Samuel quotes Matthew Gallion who bemoans the fact that social media are about seeking approval from friends rather than about communicating ideas and emotions. The latter is only possible within the real context of coffee houses and homes. In the New York times article two studies are quoted both of which use relatively small samples to make enormous claims. The researchers brought computers into households with teenagers and discovered that the teenager's school grades went down because of the computer's presence in the household. The second small study found a similar trend in Virginia among poorer households.

Aside from the obvious dangers of taking small studies which inevitably trend in the direction that researchers assume from the start, there is the further and much more serious issue of generalizing to teenagers as a whole. The metaphor that underlies this approach is that the Internet and especially social media are by definition, distractions. But, distractions from what? 
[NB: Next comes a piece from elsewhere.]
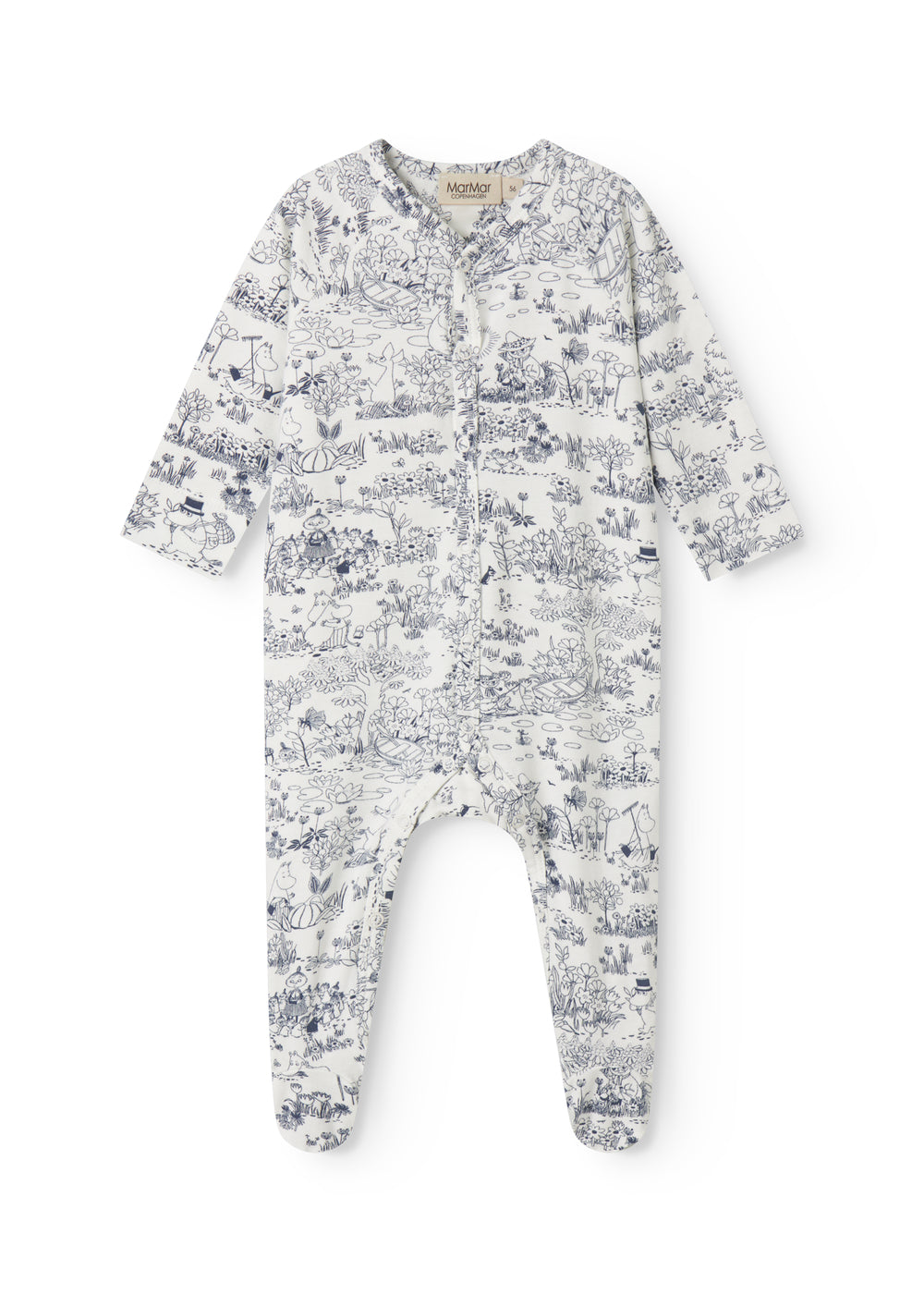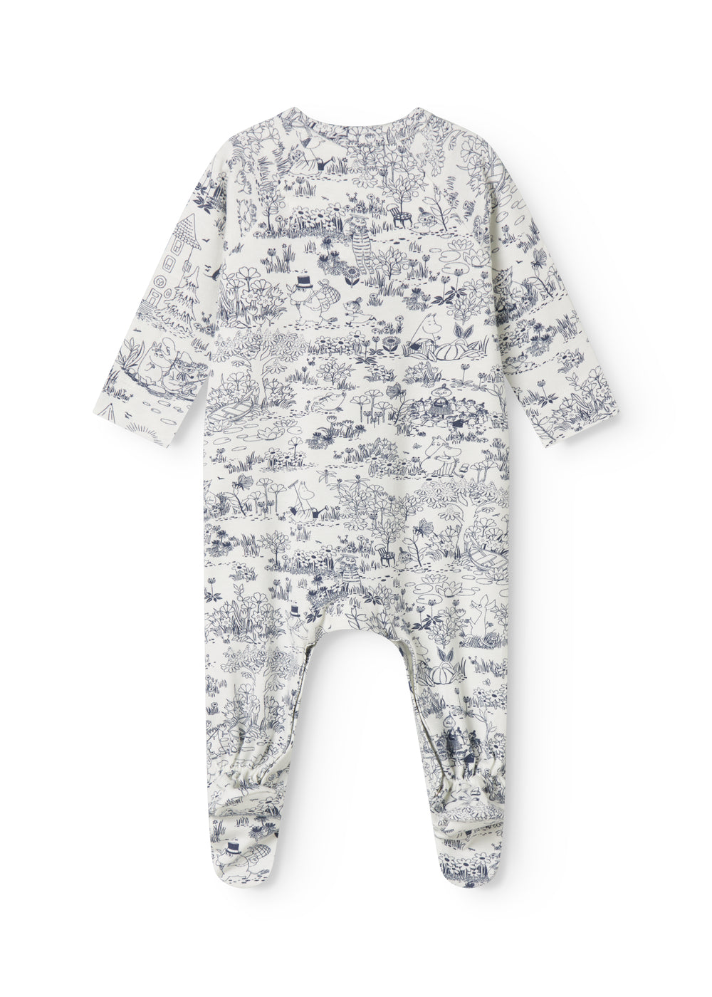 Enkel langærmet heldragt med fødder der kan knappes helt fra hals og ned langs begge ben med trykknapper for nem bleskiftning. Heldragten har et sødt Moomin print og er både blød, holder form og farve og har elastan i sig som gør den strækbar og behagelig at have på.

A closer look at the studies mentioned in the Times reveals that little is said about the quality of the educational institutions that the teenagers were attending. The studies abstract the reality of schooling from the home and vice-versa. How about this argument? The schools the teenagers were attending in Romania and Virginia were so bad that they needed the distractions of social media to engage in the interpersonal learning experiences that the schools denied. I am being facetious here, but this constant thematic of social media as destroyers of human capacity and learning, as an interruption to processes that are otherwise not only better, but more substantive belies the fact that social media are a disruptive force and intentionally so.

Matthew Gallion has the same problem in his analysis of the authenticity of the coffee house as a place of communications and interchange. Come on. There is no way of generalizing here. Most "real" conversations happen to be pretty inauthentic to begin with and there is not a special utopian place where conversations break down the conventional barriers that people put up to exchanging real emotions and feelings with each other. 

The problem with these articles and analyses is that the Internet and by extension social media come to represent the opposite of some idealized space that we can no longer access. This is bad social science and a terrible use of anecdotal evidence to make broad claims that have little to do with the realities of modern day communications. 

Communications among people, both interpersonal and social are always fraught with errors, blockages and challenges. There would be little need to communicate if we weren't constantly trying to overcome differences in understanding and perspective. Social media add another potential layer to misunderstanding and understanding — another layer to what we do everyday, which is converse with our family, friends, colleagues and neighbours.

The issues surrounding learning are equally complex. Schools are not necessarily places of learning and are not the ideal environment versus some baser realities in the communities and households we inhabit. As with everything, some schools and some classes in those schools work and others don't. Some aspects of social media work to increase communications among people and others don't.

Distractions are real and always have been. Some teenagers prefer to ride their bicycles instead of studying history. Perhaps it is time to seek new metaphors and models to explain what is happening today. Yes, the Internet disrupts. And yes, all new forms of communications historically have disrupted the social order of their time. 

Ironically, social media might well be the best opportunity we have had in decades to open up learning to many new modalities and to harness the energy of conversation for the public good.